DATASET EXTRACT
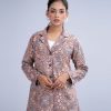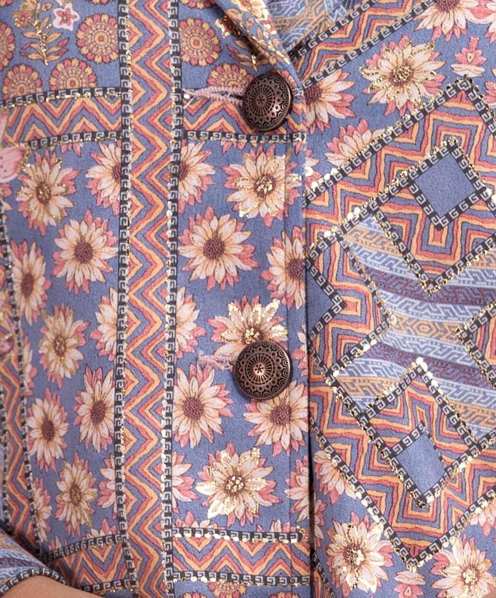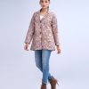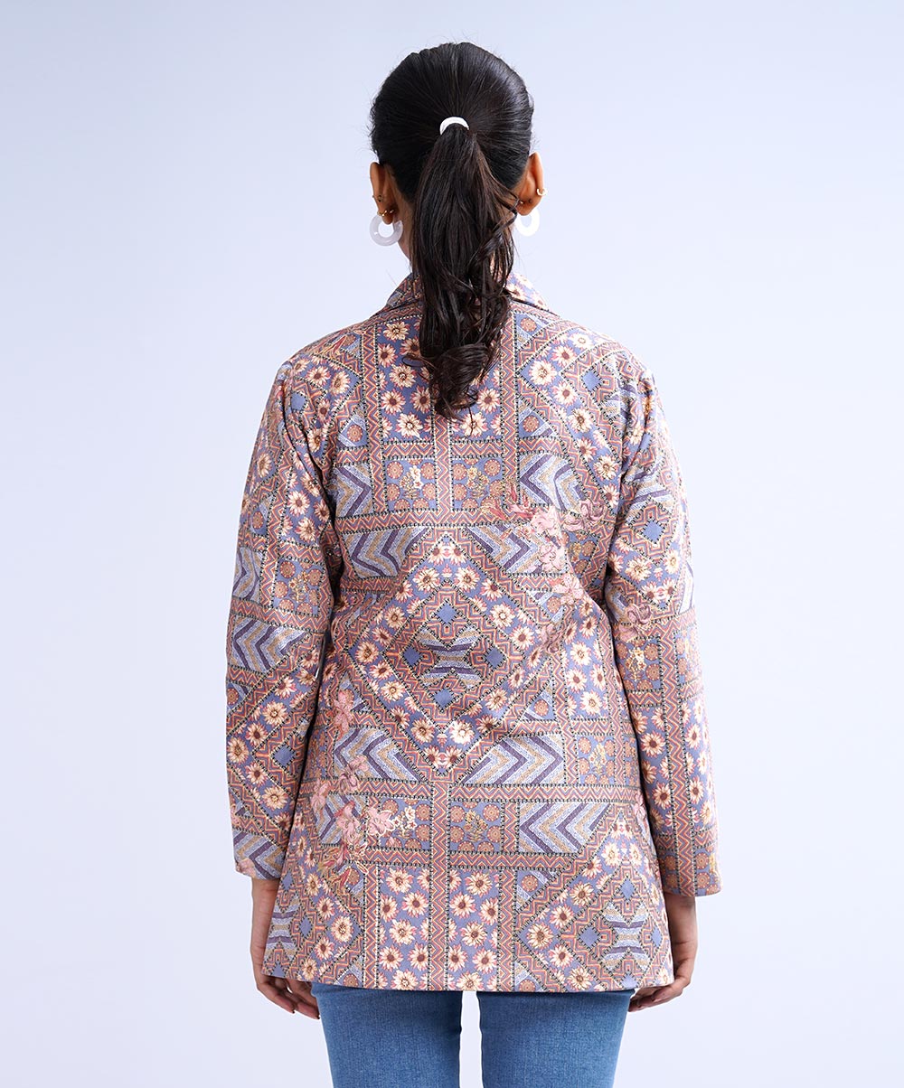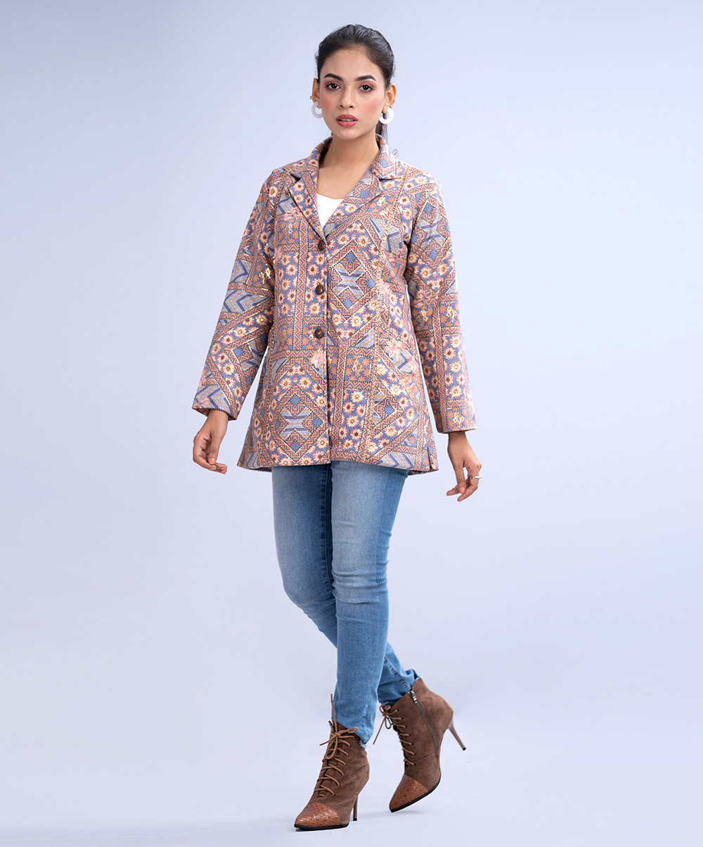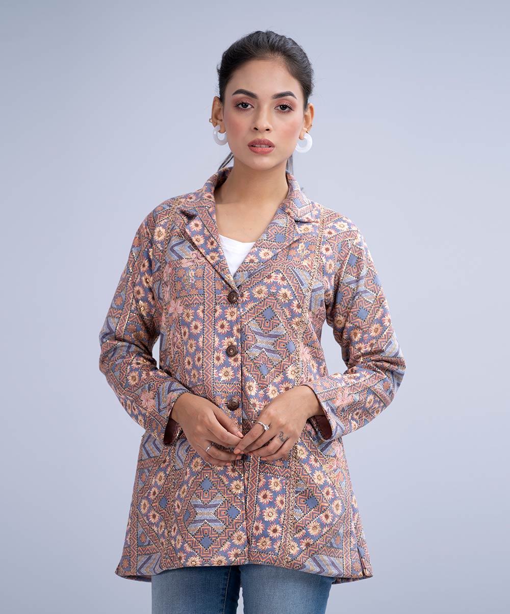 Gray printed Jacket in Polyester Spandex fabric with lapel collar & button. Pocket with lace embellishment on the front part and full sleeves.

--

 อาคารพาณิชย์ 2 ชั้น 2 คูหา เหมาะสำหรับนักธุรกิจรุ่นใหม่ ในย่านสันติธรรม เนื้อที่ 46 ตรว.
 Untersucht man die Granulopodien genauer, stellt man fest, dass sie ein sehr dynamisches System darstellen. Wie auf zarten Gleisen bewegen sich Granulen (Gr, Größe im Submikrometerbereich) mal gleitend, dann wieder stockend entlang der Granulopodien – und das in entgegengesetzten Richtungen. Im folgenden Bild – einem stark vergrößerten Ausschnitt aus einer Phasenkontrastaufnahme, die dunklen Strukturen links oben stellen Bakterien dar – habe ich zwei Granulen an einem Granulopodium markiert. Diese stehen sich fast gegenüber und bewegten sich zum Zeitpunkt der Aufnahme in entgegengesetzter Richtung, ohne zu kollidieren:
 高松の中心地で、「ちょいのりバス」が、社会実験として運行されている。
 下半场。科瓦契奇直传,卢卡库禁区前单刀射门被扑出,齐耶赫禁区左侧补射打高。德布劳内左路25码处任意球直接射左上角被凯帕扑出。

WHAT TO DO
Print again the lines of the entries above that fall between the line holding "高松の中心地で、「ちょいのりバス」が、社会実験として運行されている。" and the line holding "下半场。科瓦契奇直传,卢卡库", inclusive, exactly as they stand.

RESPONSE AREA
 高松の中心地で、「ちょいのりバス」が、社会実験として運行されている。
 下半场。科瓦契奇直传,卢卡库禁区前单刀射门被扑出,齐耶赫禁区左侧补射打高。德布劳内左路25码处任意球直接射左上角被凯帕扑出。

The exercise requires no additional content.